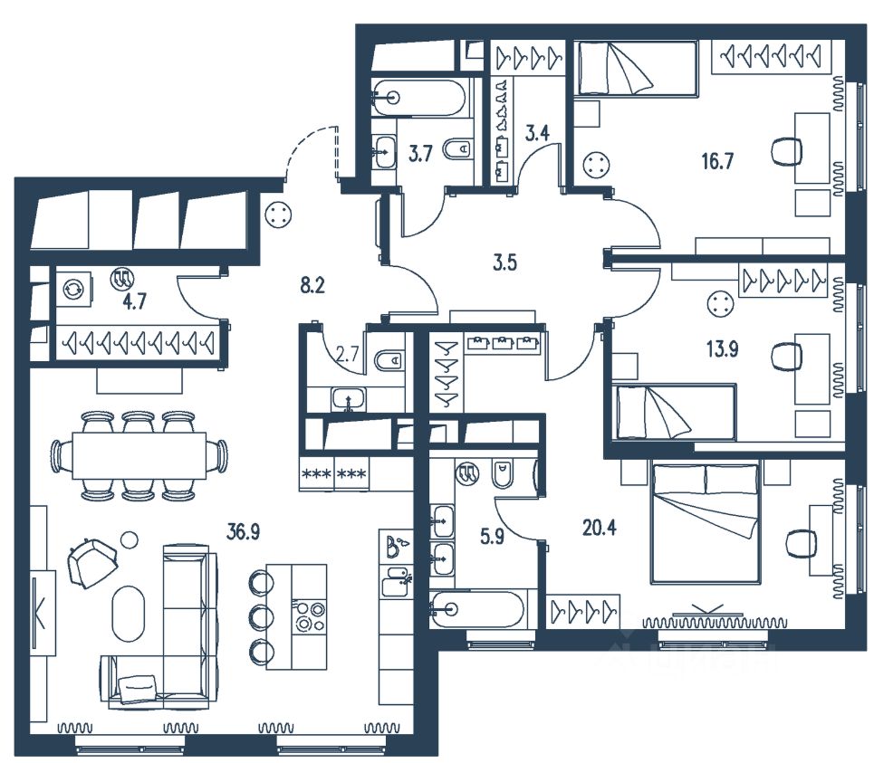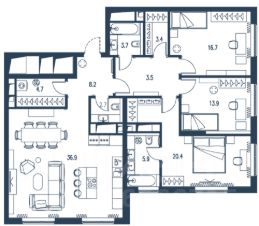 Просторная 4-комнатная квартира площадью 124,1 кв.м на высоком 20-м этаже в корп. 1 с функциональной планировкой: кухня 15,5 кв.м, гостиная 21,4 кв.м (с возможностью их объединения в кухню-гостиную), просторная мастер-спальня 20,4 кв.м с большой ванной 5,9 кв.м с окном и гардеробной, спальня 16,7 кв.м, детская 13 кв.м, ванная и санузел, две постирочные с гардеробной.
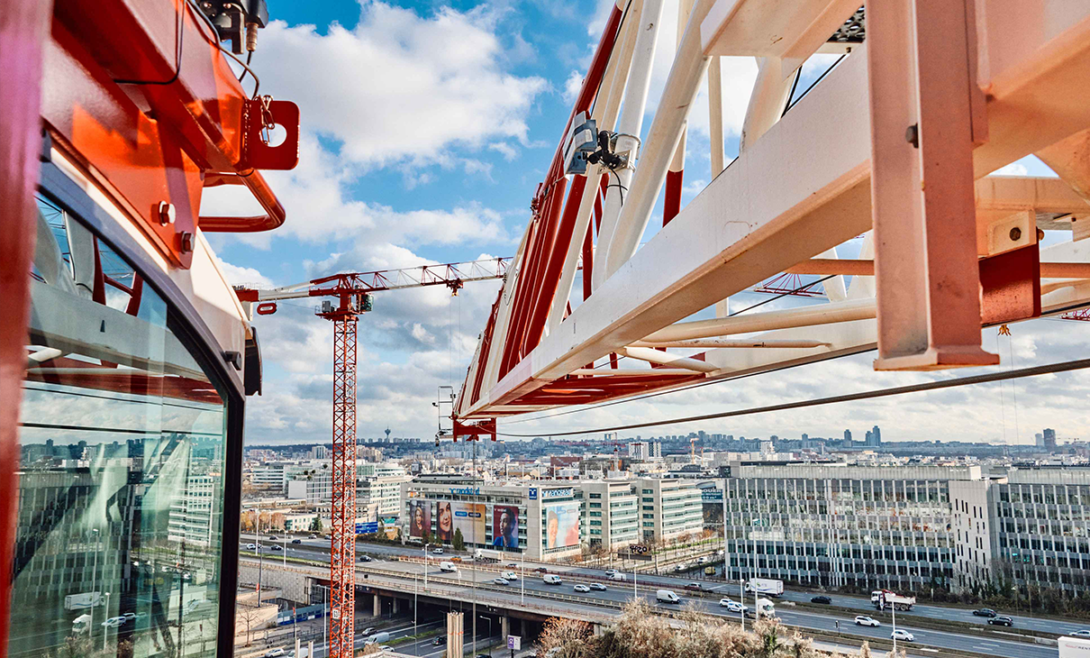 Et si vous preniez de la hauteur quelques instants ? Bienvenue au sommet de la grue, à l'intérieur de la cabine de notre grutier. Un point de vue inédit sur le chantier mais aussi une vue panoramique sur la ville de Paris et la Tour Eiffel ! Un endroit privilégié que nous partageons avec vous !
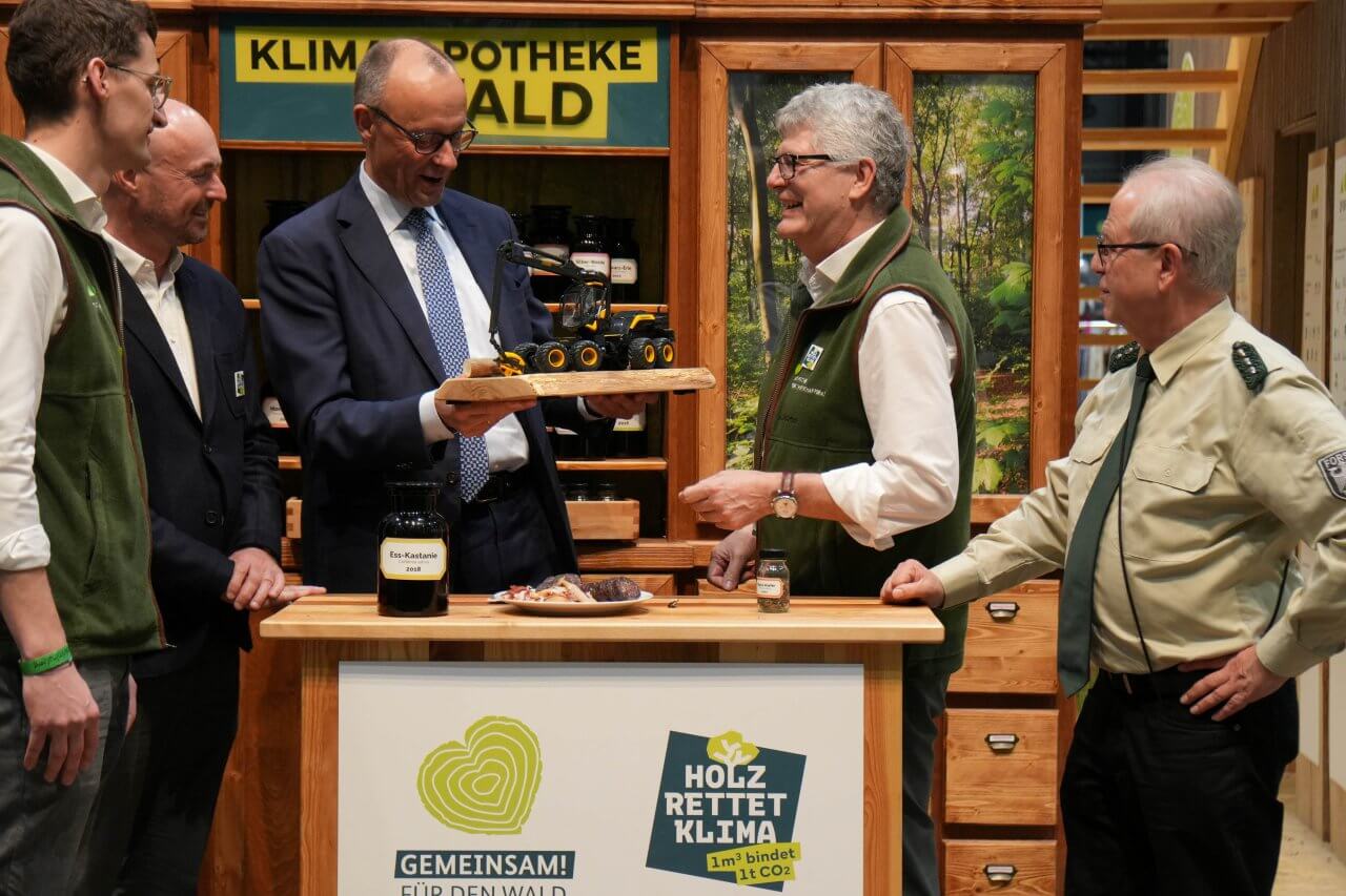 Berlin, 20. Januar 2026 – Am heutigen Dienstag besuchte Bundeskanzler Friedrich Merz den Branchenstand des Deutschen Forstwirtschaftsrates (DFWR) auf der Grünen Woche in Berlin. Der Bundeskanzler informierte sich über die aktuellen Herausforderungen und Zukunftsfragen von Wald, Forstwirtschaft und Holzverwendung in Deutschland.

--- --- ---

Work to complete: Print the whole listing again exactly, please. No pictures.

Written answer:
 Просторная 4-комнатная квартира площадью 124,1 кв.м на высоком 20-м этаже в корп. 1 с функциональной планировкой: кухня 15,5 кв.м, гостиная 21,4 кв.м (с возможностью их объединения в кухню-гостиную), просторная мастер-спальня 20,4 кв.м с большой ванной 5,9 кв.м с окном и гардеробной, спальня 16,7 кв.м, детская 13 кв.м, ванная и санузел, две постирочные с гардеробной.
 Et si vous preniez de la hauteur quelques instants ? Bienvenue au sommet de la grue, à l'intérieur de la cabine de notre grutier. Un point de vue inédit sur le chantier mais aussi une vue panoramique sur la ville de Paris et la Tour Eiffel ! Un endroit privilégié que nous partageons avec vous !
 Berlin, 20. Januar 2026 – Am heutigen Dienstag besuchte Bundeskanzler Friedrich Merz den Branchenstand des Deutschen Forstwirtschaftsrates (DFWR) auf der Grünen Woche in Berlin. Der Bundeskanzler informierte sich über die aktuellen Herausforderungen und Zukunftsfragen von Wald, Forstwirtschaft und Holzverwendung in Deutschland.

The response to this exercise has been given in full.